### DATA FOR THIS TASK
________

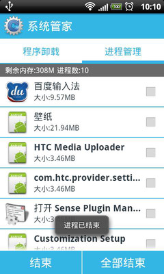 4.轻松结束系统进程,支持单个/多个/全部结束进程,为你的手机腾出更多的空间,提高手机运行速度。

________

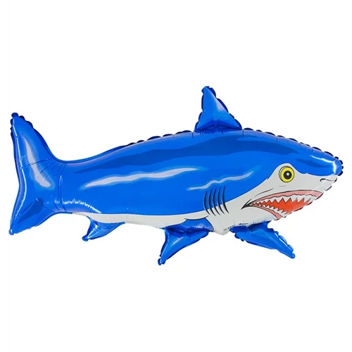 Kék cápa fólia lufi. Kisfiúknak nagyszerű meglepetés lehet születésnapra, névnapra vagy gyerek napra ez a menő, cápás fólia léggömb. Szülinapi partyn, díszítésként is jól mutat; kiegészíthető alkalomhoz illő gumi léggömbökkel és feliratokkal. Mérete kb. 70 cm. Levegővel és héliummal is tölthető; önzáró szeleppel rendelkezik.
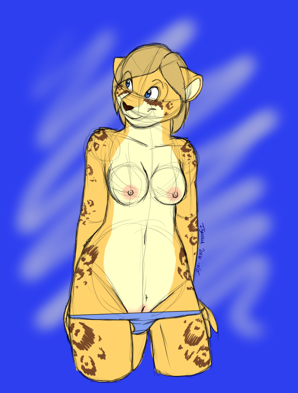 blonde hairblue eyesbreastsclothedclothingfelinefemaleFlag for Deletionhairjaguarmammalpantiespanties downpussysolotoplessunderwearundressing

________

Pictures aside, print exactly the lines above starting with the one containing "Kék cápa fólia" and going on through the one containing "blonde hairblue eyesbreastsclothedclothingfelinefemaleFlag".

 Kék cápa fólia lufi. Kisfiúknak nagyszerű meglepetés lehet születésnapra, névnapra vagy gyerek napra ez a menő, cápás fólia léggömb. Szülinapi partyn, díszítésként is jól mutat; kiegészíthető alkalomhoz illő gumi léggömbökkel és feliratokkal. Mérete kb. 70 cm. Levegővel és héliummal is tölthető; önzáró szeleppel rendelkezik.
 blonde hairblue eyesbreastsclothedclothingfelinefemaleFlag for Deletionhairjaguarmammalpantiespanties downpussysolotoplessunderwearundressing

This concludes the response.